== Extracted records
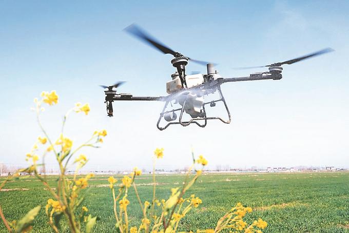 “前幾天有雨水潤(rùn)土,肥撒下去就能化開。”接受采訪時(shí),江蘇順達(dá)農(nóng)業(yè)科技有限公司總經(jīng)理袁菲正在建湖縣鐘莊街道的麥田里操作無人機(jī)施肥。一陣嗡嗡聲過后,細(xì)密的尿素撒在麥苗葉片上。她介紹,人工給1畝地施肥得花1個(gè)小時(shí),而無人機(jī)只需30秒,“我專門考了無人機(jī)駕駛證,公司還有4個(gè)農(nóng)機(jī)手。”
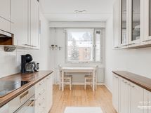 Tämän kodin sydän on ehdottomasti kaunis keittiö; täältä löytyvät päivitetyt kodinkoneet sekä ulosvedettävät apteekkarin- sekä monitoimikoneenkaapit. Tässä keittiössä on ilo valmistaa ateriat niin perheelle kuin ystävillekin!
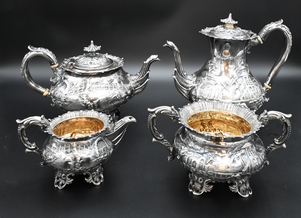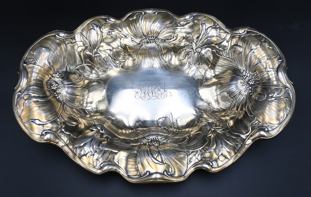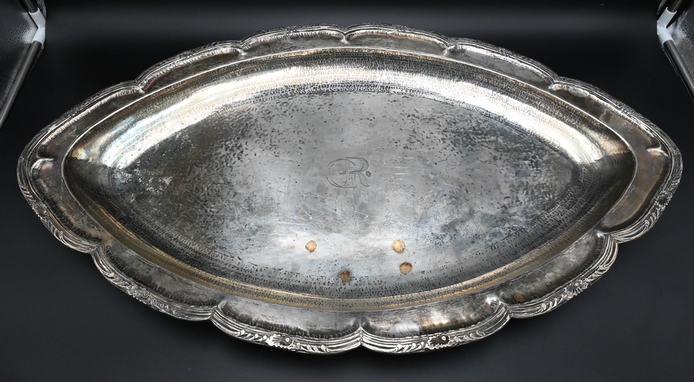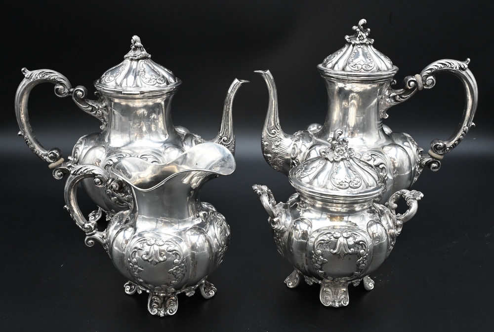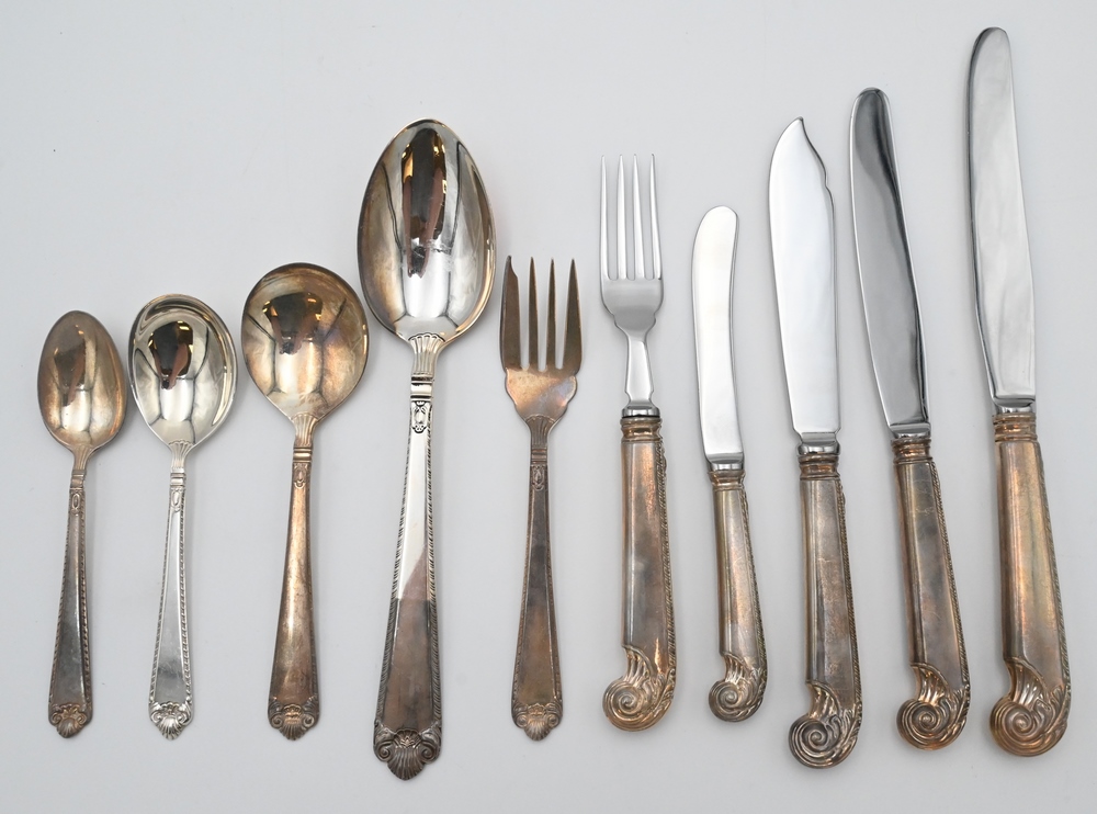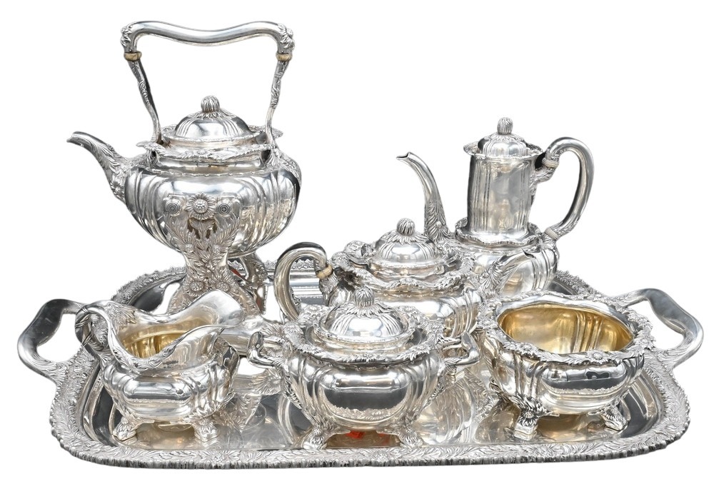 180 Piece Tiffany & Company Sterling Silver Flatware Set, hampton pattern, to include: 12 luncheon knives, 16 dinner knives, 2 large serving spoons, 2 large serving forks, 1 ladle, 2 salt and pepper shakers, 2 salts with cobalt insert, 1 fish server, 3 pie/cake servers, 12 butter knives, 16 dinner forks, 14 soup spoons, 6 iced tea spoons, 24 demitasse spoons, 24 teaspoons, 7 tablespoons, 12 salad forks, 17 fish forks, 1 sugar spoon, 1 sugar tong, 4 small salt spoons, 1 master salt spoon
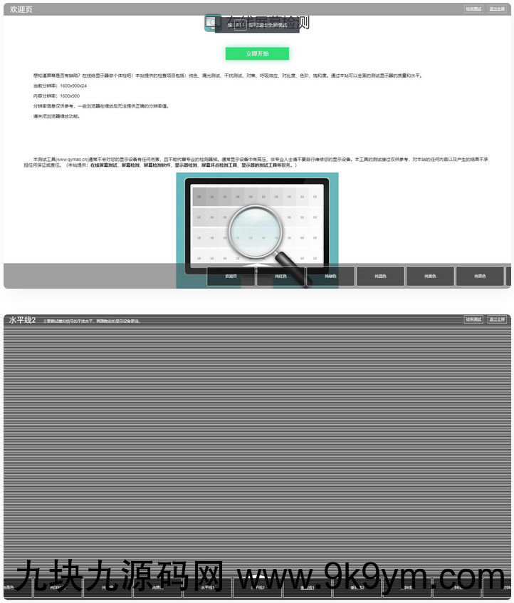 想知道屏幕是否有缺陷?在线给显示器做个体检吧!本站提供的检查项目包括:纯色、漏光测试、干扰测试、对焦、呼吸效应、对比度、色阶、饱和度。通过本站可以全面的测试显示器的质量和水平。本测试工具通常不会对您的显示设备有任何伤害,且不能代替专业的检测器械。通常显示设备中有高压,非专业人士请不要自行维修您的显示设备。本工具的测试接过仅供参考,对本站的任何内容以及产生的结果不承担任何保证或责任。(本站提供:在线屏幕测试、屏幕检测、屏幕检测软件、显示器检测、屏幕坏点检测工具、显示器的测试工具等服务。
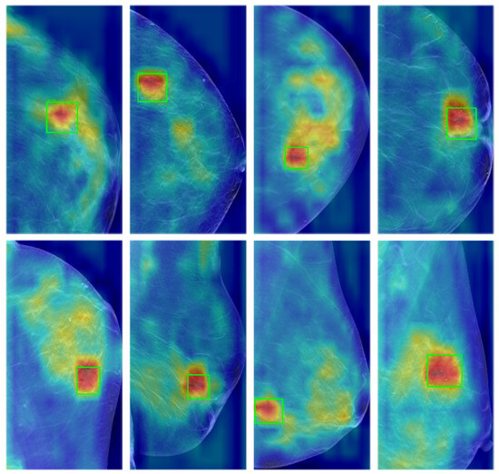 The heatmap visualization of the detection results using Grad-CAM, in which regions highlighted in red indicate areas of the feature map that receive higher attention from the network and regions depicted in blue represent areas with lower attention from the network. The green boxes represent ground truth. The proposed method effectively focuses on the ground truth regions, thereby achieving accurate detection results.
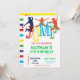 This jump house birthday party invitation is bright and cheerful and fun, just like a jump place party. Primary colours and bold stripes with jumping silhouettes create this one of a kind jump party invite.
====
Exercise: The result should be a verbatim copy of the data, free of pictures.

Solution:
 “前幾天有雨水潤(rùn)土,肥撒下去就能化開。”接受采訪時(shí),江蘇順達(dá)農(nóng)業(yè)科技有限公司總經(jīng)理袁菲正在建湖縣鐘莊街道的麥田里操作無人機(jī)施肥。一陣嗡嗡聲過后,細(xì)密的尿素撒在麥苗葉片上。她介紹,人工給1畝地施肥得花1個(gè)小時(shí),而無人機(jī)只需30秒,“我專門考了無人機(jī)駕駛證,公司還有4個(gè)農(nóng)機(jī)手。”
 Tämän kodin sydän on ehdottomasti kaunis keittiö; täältä löytyvät päivitetyt kodinkoneet sekä ulosvedettävät apteekkarin- sekä monitoimikoneenkaapit. Tässä keittiössä on ilo valmistaa ateriat niin perheelle kuin ystävillekin!
 180 Piece Tiffany & Company Sterling Silver Flatware Set, hampton pattern, to include: 12 luncheon knives, 16 dinner knives, 2 large serving spoons, 2 large serving forks, 1 ladle, 2 salt and pepper shakers, 2 salts with cobalt insert, 1 fish server, 3 pie/cake servers, 12 butter knives, 16 dinner forks, 14 soup spoons, 6 iced tea spoons, 24 demitasse spoons, 24 teaspoons, 7 tablespoons, 12 salad forks, 17 fish forks, 1 sugar spoon, 1 sugar tong, 4 small salt spoons, 1 master salt spoon
 想知道屏幕是否有缺陷?在线给显示器做个体检吧!本站提供的检查项目包括:纯色、漏光测试、干扰测试、对焦、呼吸效应、对比度、色阶、饱和度。通过本站可以全面的测试显示器的质量和水平。本测试工具通常不会对您的显示设备有任何伤害,且不能代替专业的检测器械。通常显示设备中有高压,非专业人士请不要自行维修您的显示设备。本工具的测试接过仅供参考,对本站的任何内容以及产生的结果不承担任何保证或责任。(本站提供:在线屏幕测试、屏幕检测、屏幕检测软件、显示器检测、屏幕坏点检测工具、显示器的测试工具等服务。
 The heatmap visualization of the detection results using Grad-CAM, in which regions highlighted in red indicate areas of the feature map that receive higher attention from the network and regions depicted in blue represent areas with lower attention from the network. The green boxes represent ground truth. The proposed method effectively focuses on the ground truth regions, thereby achieving accurate detection results.
 This jump house birthday party invitation is bright and cheerful and fun, just like a jump place party. Primary colours and bold stripes with jumping silhouettes create this one of a kind jump party invite.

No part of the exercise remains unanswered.